Because the repertoire of classical music is like a web or a maze that can be entered at any point and followed through any path of happy accidents to completion (were it possible to complete), I tell people who ask me where to begin, “Just jump in anywhere you like and see where it leads.” It may lead perhaps first to other pieces by the same composer of a piece you like, and then to other composers of a similar style, and from main roads to side roads and back, through and around the maze. Or if you prefer, just be a kid in a candy shop. So it happened that my Anglophilia led me into the English corner of the music maze by means of a portal from another daunting maze, British cooking shows!
Composers at War
But why did this fellow compose only three orchestral works, I asked? I wanted more of them! I soon learned that Butterworth lived only 31 years, from July 1885 to August of 1916, when he was shot in action by a sniper in the World War I trenches at the Battle of the Somme.I had already breathed a sigh of relief for those who survived that battle, like writers J.R.R. Tolkien and C.S. Lewis, and composer Ralph Vaughan Williams. It turns out that Vaughan Williams had been a close friend of Butterworth and was greatly grieved by his death, in some ways for the rest of his life.
Butterworth and Vaughan Williams had been close friends as students, traveling into the countryside together to collect and catalog English folksongs and record many of them on a phonograph, to be sure they were preserved. Butterworth himself cataloged over 450 songs, most in Sussex.
Butterworth had found his way as a student at Eton College to Trinity College, Oxford, where he became the president of the University Music Club and also became an expert folk dancer. Before the war, he wrote the three important orchestral works mentioned above and also a number of lovely songs, still frequently performed, plus a few choral and chamber works.
Known by his peers as one of the most talented young English composers of his generation, it is frequently speculated that Butterworth might be even more celebrated today than Vaughan Williams, had he survived the war and been able to achieve the potential that was cut so tragically short.

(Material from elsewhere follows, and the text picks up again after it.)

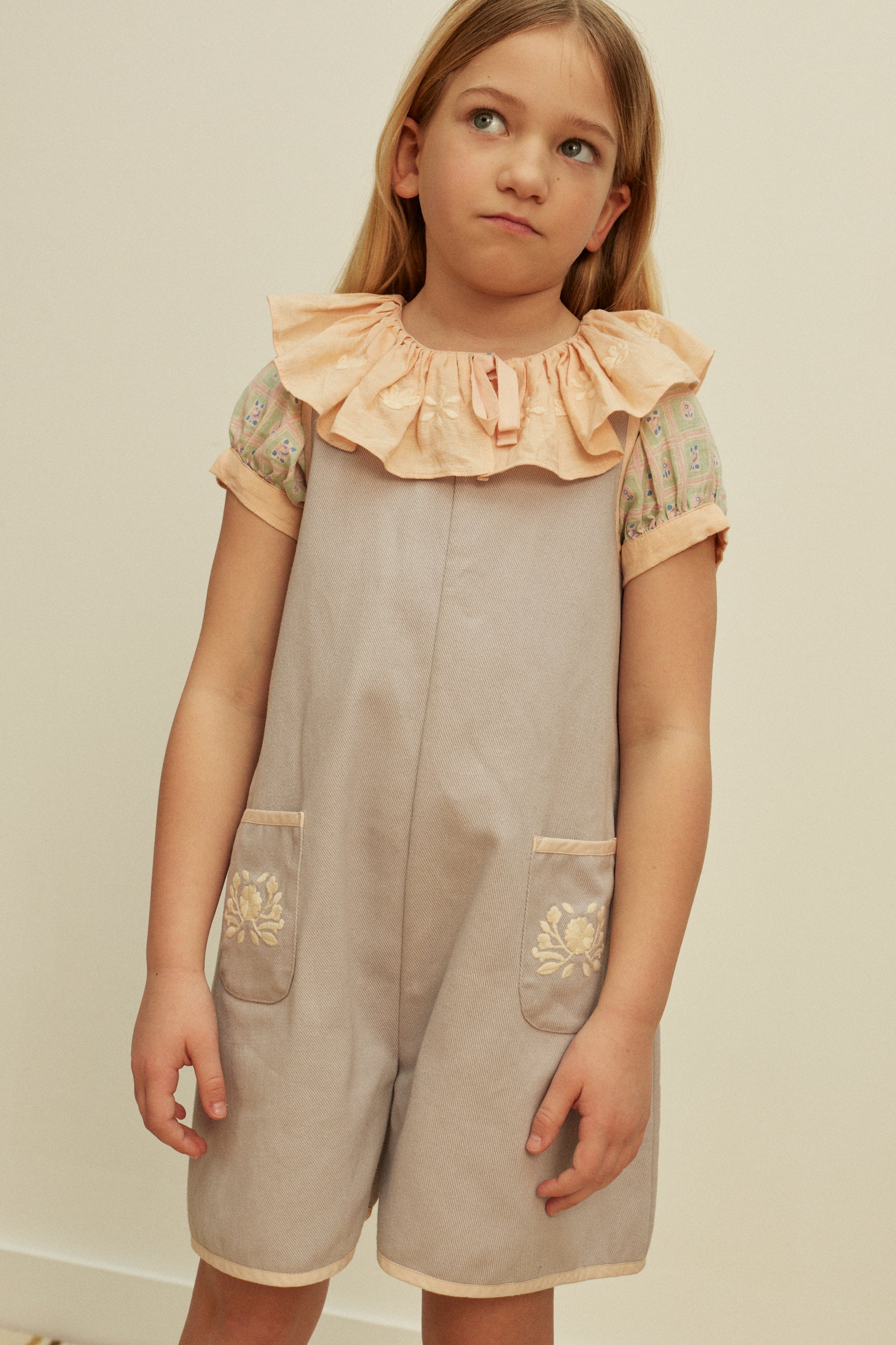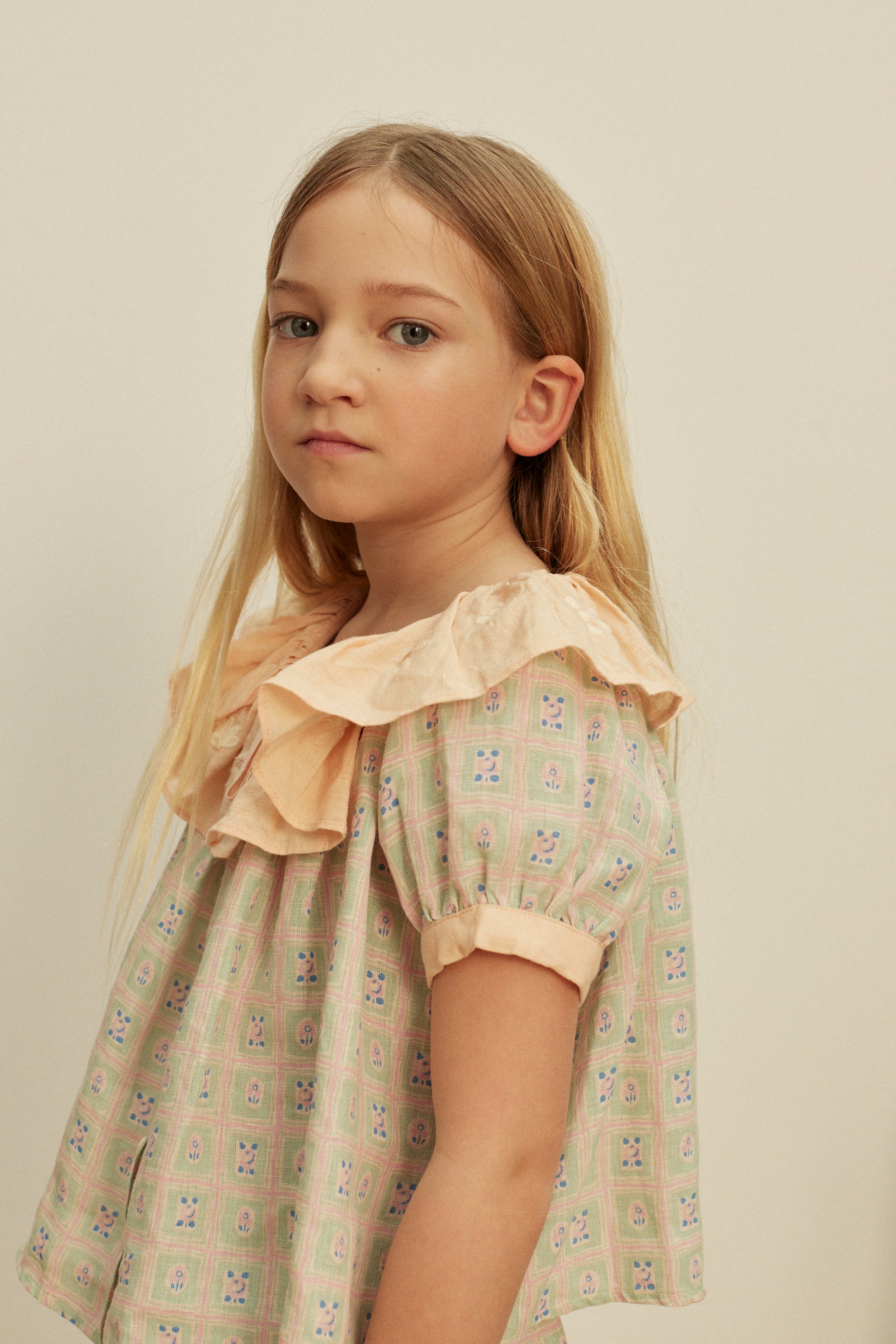 The delightful Zabina blouse comes in our vintage-inspired ‘rosepanel’ print linen. Featuring a special embroidered frill collar in contrast ‘satin pink’, with a soft cotton herringbone ribbon detail at neckline, and contrast binding at sleeves. Button through front. Zabina brings a dreamy retro mood – we love her worn with our shorts styles and under our Vada playsuit.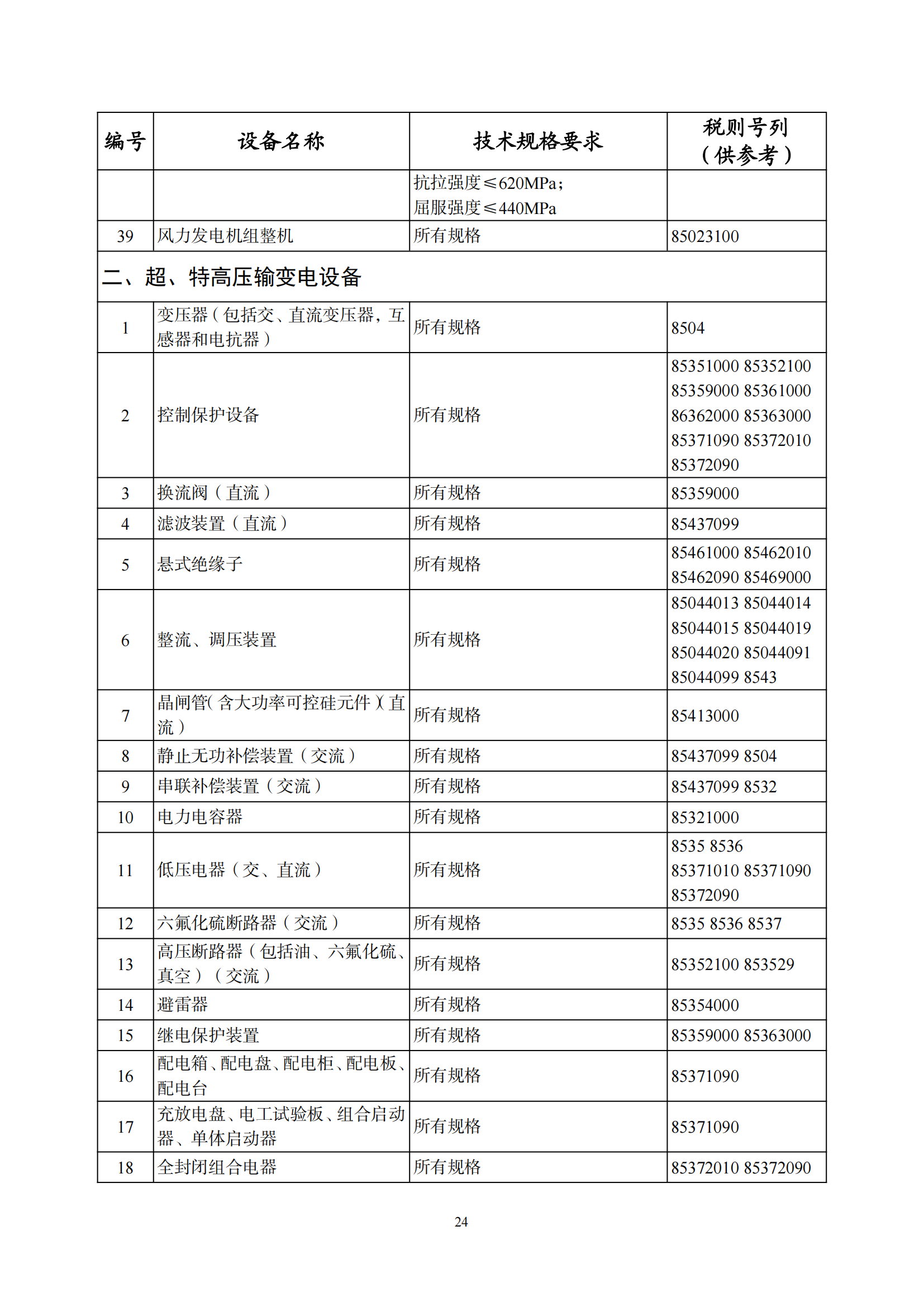 四、附件1和附件2中所列銷售業績要求僅用于確定免稅企業名單。附件2中列明執行年限的進口關鍵零部件、原材料,免稅執行期限截至該年度12月31日(含)。附件2和附件3中所列稅則號列僅供參考,具體商品范圍以設備名稱及技術規格要求為準。

Butterworth enthusiastically enlisted in the army at the outbreak of the war and was continually promoted up to the rank of lieutenant, finally leading a platoon of rough miners at the Somme who came to respect him enough to name a trench after him. For his bravery in battle in July 1916, during which he was wounded, he was awarded the Military Cross. He did not live long enough to receive the actual ribbon, being taken by a sniper’s bullet in August. His men buried him straightaway out of respect, but the grave location was lost and his body never recovered.
As painful as it feels to miss George Butterworth and the great music he might have composed, I am thankful that at least he did leave some enchanting works for us to enjoy. They sound as fresh today, after over 100 years, as when they were written. Perhaps I will listen to them, in honor of him and all who were lost in that terrible war, on this Remembrance Day, or “Poppy Day,” celebrated in the UK on Nov. 11.